The notion that the U.S. government is a “purveyor of violence”—that violence is the basis of its immense power—would perhaps strike the aforementioned commentators as ludicrous. Bacon likely thought the same of fundamental challenges to his religious system; the subject matter is different—God, government—but the intellectual approach essentially identical, marked by a rigid adherence to the acceptable body of thought.
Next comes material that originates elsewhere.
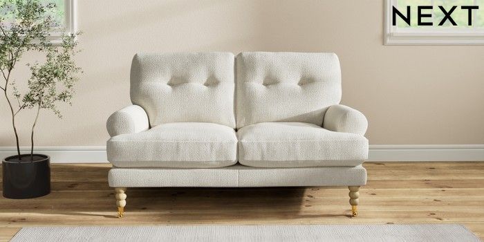 7.2.10 Erin Buttoned Back Deep Relaxed Sit 2 Seater Small Sofa Chunky Texture Oyster High Classic Turned Brass Castor - Light | Made Click here to use our website with more accessibility support, for example screen readers

The points Nicolas J.S. Davies brings to light in a recent AlterNet piece can rarely be raised, if ever, since they might “infect” untutored minds with the wrong ideas. Davies mentions, for example, that Obama’s overseas bombing campaign—in Afghanistan, Pakistan, Yemen, and other countries—averages out to a strike every 1.75 hours, and therefore is more intense than Bush’s, which “amounted to an air strike about every 3 hours;” in the world the New York Review of Books inhabits, this means Obama has scaled back Bush’s “war,” focusing it more narrowly on the ostensible enemy. Never mind the massive civilian death tolls: Davies suggests that the number of inaccurate bombings would be around 10,000, if targets were hit 90% of the time—and of course the strikes are nowhere near that accurate. Also beside the point is the fact that the University of Maryland’s Global Terrorism Database indicates a sharp increase in terrorism since 2001, confirming a 2007 report by NYU’s Center on Law and Security, which found “that the number killed in jihadist attacks around the world has risen dramatically since the Iraq war began in March 2003,” Patrick Cockburn and Kim Sengupta reported in the Independent. And forget about John Cherian’s remark in Frontline last summer, delivered during a discussion of the U.S. government’s selective opposition to al-Qaeda, considered “an enemy of the West” in Afghanistan and Yemen, but “aligned with groups supported by Washington” in Libya and Syria. All of these issues are irrelevant in most of what passes for informed analysis. There is a “war on terror,” writers insist, which we are waging successfully on the whole, and for the right reasons.
It would be difficult to overemphasize the extent to which state religion’s tenets exert a grip on the minds of U.S. intellectuals. But we should also recall that their claims to legitimacy rest on traits supposedly differentiating them from the rest of the public. Like those I sang Bacon’s hymn with several years ago, they are intelligent, perceptive, unlike most others—so the story goes. If scrutiny reveals them as irrational and dogmatic, however, the simple distinction between “smart” and “dumb” people—classifications encouraged by our education system—begins to dissolve. We are left only with individuals, each with the ability to develop the independence of mind and skepticism necessary to make informed analyses of world affairs. Those are the exact qualities that must come to the fore, if we are to successfully deal with the challenges that global warming and nuclear weapons—among other looming threats—present.